Dataset content
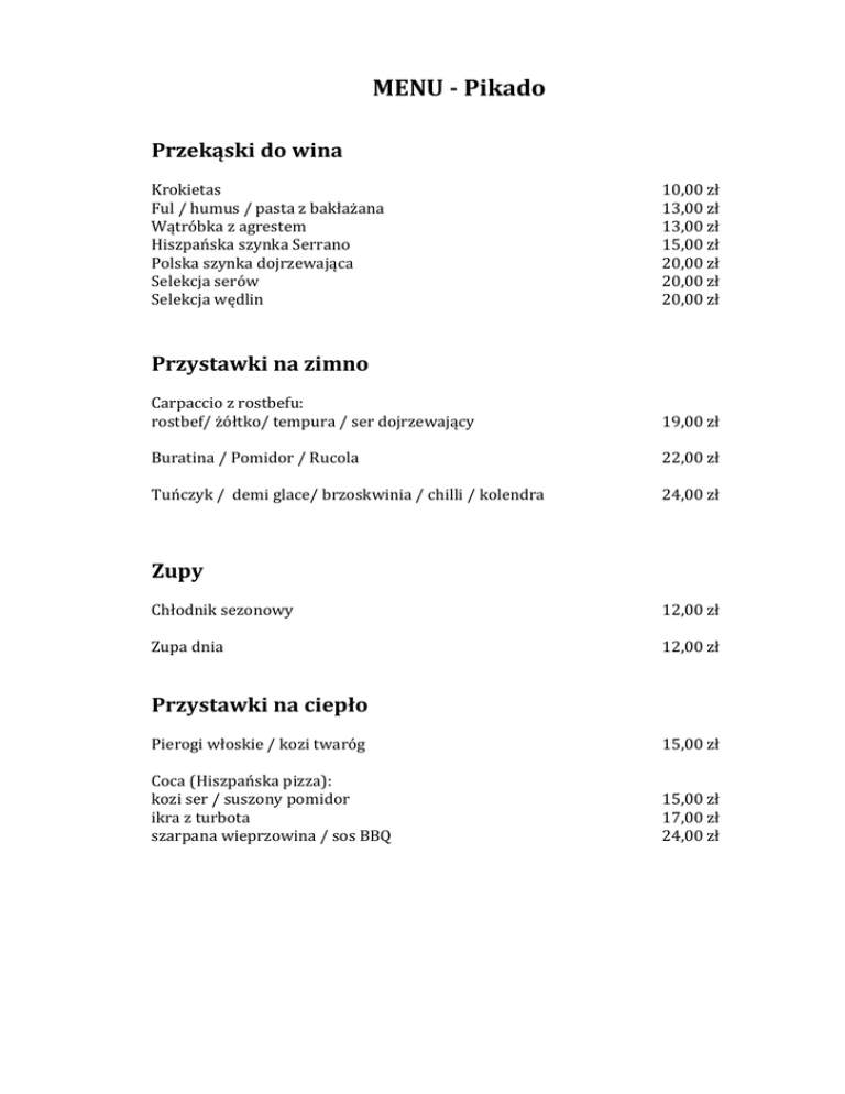 MENU - Pikado Przekąski do wina Krokietas Ful / humus / pasta z bakłażana Wątróbka z agrestem Hiszpańska szynka Serrano Polska szynka dojrzewająca Selekcja serów Selekcja wędlin 10,00 zł 13,00 zł 13,00 zł 15,00 zł 20,00 zł 20,00 zł 20,00 zł Przystawki na zimno Carpaccio z rostbefu: rostbef/ żółtko/ tempura / ser dojrzewający 19,00 zł Buratina / Pomidor / Rucola 22,00 zł Tuńczyk / demi glace/ brzoskwinia / chilli / kolendra 24,00 zł Zupy Chłodnik sezonowy 12,00 zł Zupa dnia 12,00 zł Przystawki na ciepło Pierogi włoskie / kozi twaróg 15,00 zł Coca (Hiszpańska pizza): kozi ser / suszony pomidor ikra z turbota szarpana wieprzowina / sos BBQ 15,00 zł 17,00 zł 24,00 zł Dania główne Risotto pięć grzybów / ser dojrzewający 24,00 zł Pierś z kaczki polenta / szpinak / agrest / czereśnia 35,00 zł Ryba dnia: zapytaj obsługę 35,00 zł Steki Antrykot sezonowany, cena za 100 g 18,00 zł Rostbef sezonowany, cena za 100 g 19,00 zł Polędwica sezonowana, cena za 100 g 27,00 zł Dodatki do steków w cenie Desery Beza z owocami 12,00 zł Selekcja lodów i sorbetów 14,00 zł Tort czekoladowy 16,00 zł MENU DEGUSTACYJNE Zestaw „S” Trzy dania plus deser 60,00 zł Zestaw „M” Cztery dania plus deser 80,00 zł Zestaw „L” Pięć dań plus deser 100,00 zł Zestaw „XL” Sześć dań plus deser 120,00 zł Razem z sommelierem wybierzcie wina naszej karty pasujące do Ciebie i do dań.
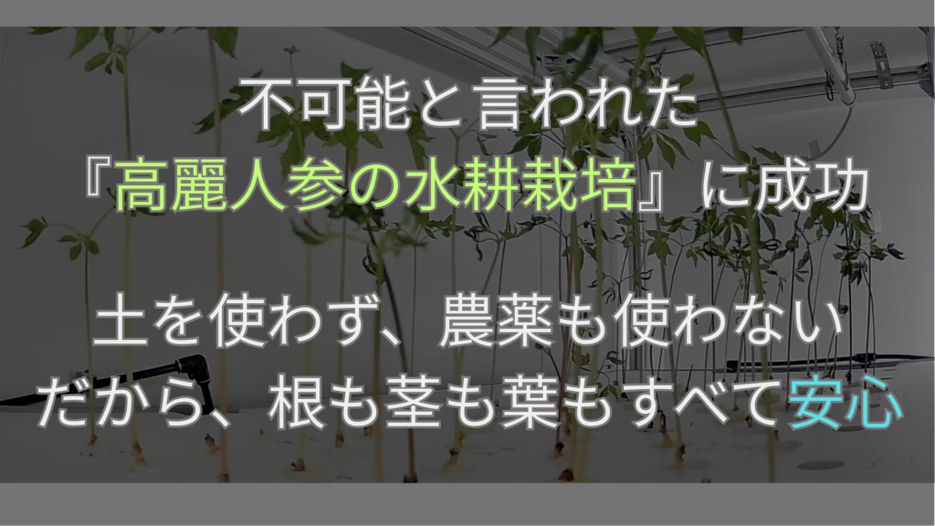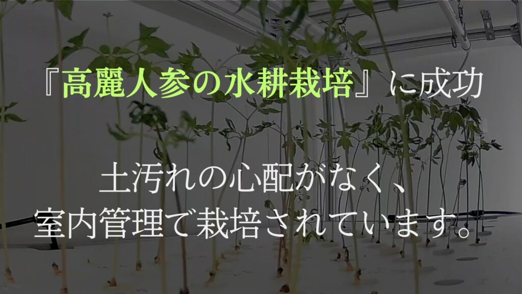 栽培の工夫として、一般的な土壌管理ではなく、水耕栽培に分類される独自の栽培システムを開発しました。根菜類である高麗人参は、一般的な水耕栽培では根が腐ってしまうという難点がありますが、私たちは独自の技術を用いることでこれを可能にしています。
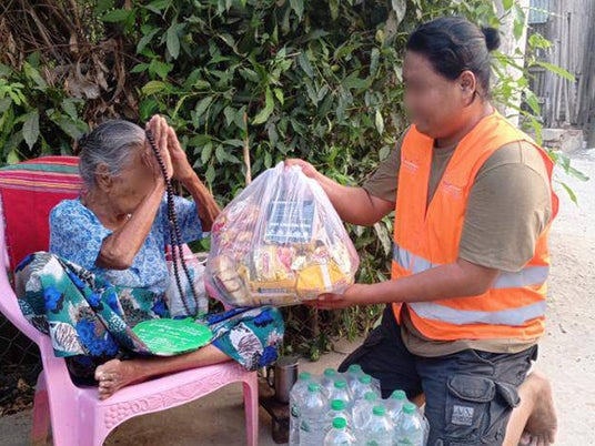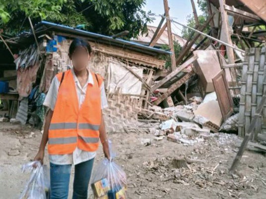 被災者に食料や水を手渡すAARの現地協力団体職員=ミャンマー中部マンダレー地域で2025年4月2日
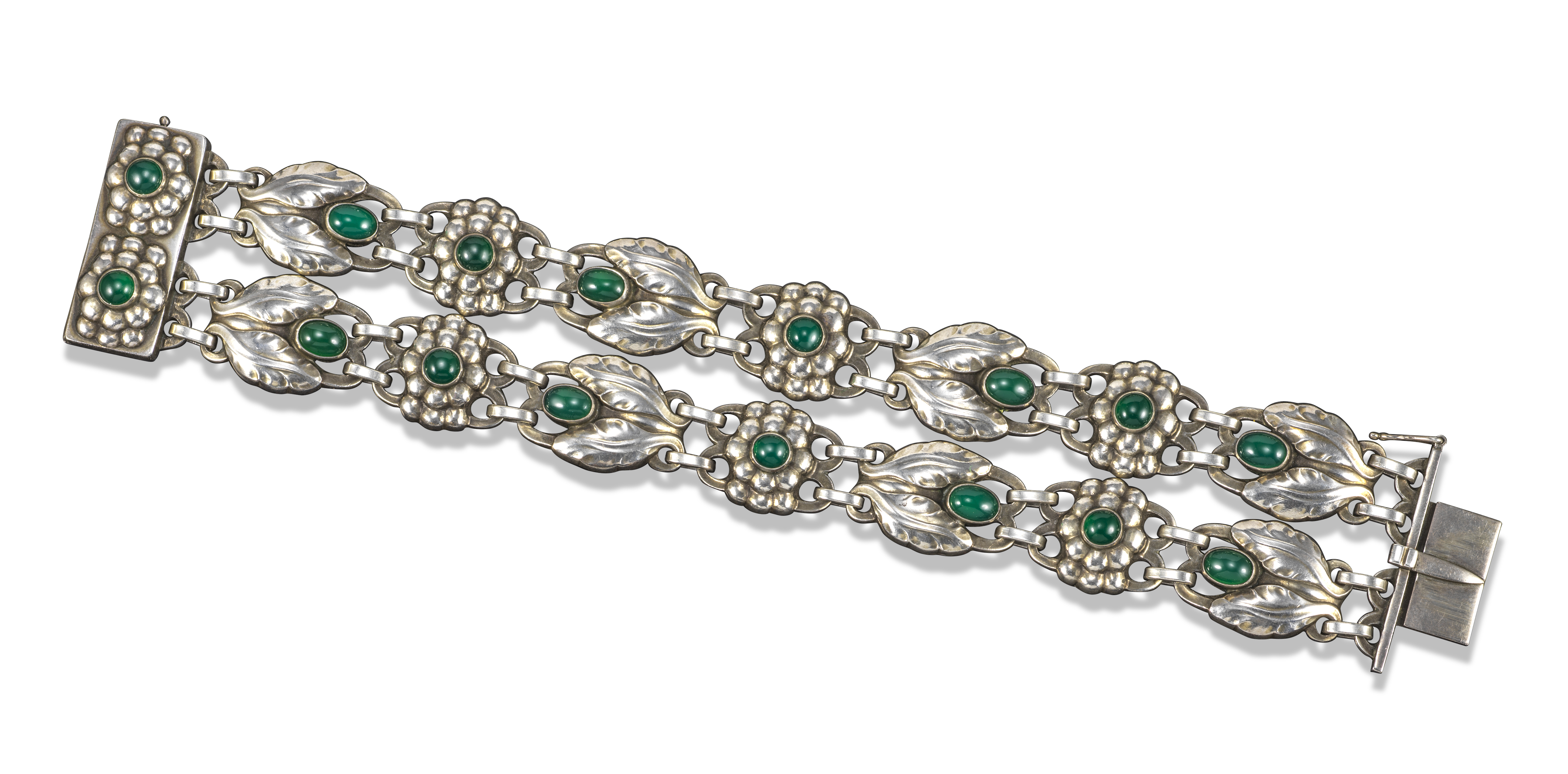 A silver and green agate foliate bracelet, design no. 3, post-1945, formed as two rows of foliate links, each set with a green agate cabochon, with conforming oblong box clasp, stamped Sterling Denmark and with maker's mark, 18.5cm long

How to complete this task
Images are to be skipped, and each line above is to be returned exactly.

Output for this task
 MENU - Pikado Przekąski do wina Krokietas Ful / humus / pasta z bakłażana Wątróbka z agrestem Hiszpańska szynka Serrano Polska szynka dojrzewająca Selekcja serów Selekcja wędlin 10,00 zł 13,00 zł 13,00 zł 15,00 zł 20,00 zł 20,00 zł 20,00 zł Przystawki na zimno Carpaccio z rostbefu: rostbef/ żółtko/ tempura / ser dojrzewający 19,00 zł Buratina / Pomidor / Rucola 22,00 zł Tuńczyk / demi glace/ brzoskwinia / chilli / kolendra 24,00 zł Zupy Chłodnik sezonowy 12,00 zł Zupa dnia 12,00 zł Przystawki na ciepło Pierogi włoskie / kozi twaróg 15,00 zł Coca (Hiszpańska pizza): kozi ser / suszony pomidor ikra z turbota szarpana wieprzowina / sos BBQ 15,00 zł 17,00 zł 24,00 zł Dania główne Risotto pięć grzybów / ser dojrzewający 24,00 zł Pierś z kaczki polenta / szpinak / agrest / czereśnia 35,00 zł Ryba dnia: zapytaj obsługę 35,00 zł Steki Antrykot sezonowany, cena za 100 g 18,00 zł Rostbef sezonowany, cena za 100 g 19,00 zł Polędwica sezonowana, cena za 100 g 27,00 zł Dodatki do steków w cenie Desery Beza z owocami 12,00 zł Selekcja lodów i sorbetów 14,00 zł Tort czekoladowy 16,00 zł MENU DEGUSTACYJNE Zestaw „S” Trzy dania plus deser 60,00 zł Zestaw „M” Cztery dania plus deser 80,00 zł Zestaw „L” Pięć dań plus deser 100,00 zł Zestaw „XL” Sześć dań plus deser 120,00 zł Razem z sommelierem wybierzcie wina naszej karty pasujące do Ciebie i do dań.
 栽培の工夫として、一般的な土壌管理ではなく、水耕栽培に分類される独自の栽培システムを開発しました。根菜類である高麗人参は、一般的な水耕栽培では根が腐ってしまうという難点がありますが、私たちは独自の技術を用いることでこれを可能にしています。
 被災者に食料や水を手渡すAARの現地協力団体職員=ミャンマー中部マンダレー地域で2025年4月2日
 A silver and green agate foliate bracelet, design no. 3, post-1945, formed as two rows of foliate links, each set with a green agate cabochon, with conforming oblong box clasp, stamped Sterling Denmark and with maker's mark, 18.5cm long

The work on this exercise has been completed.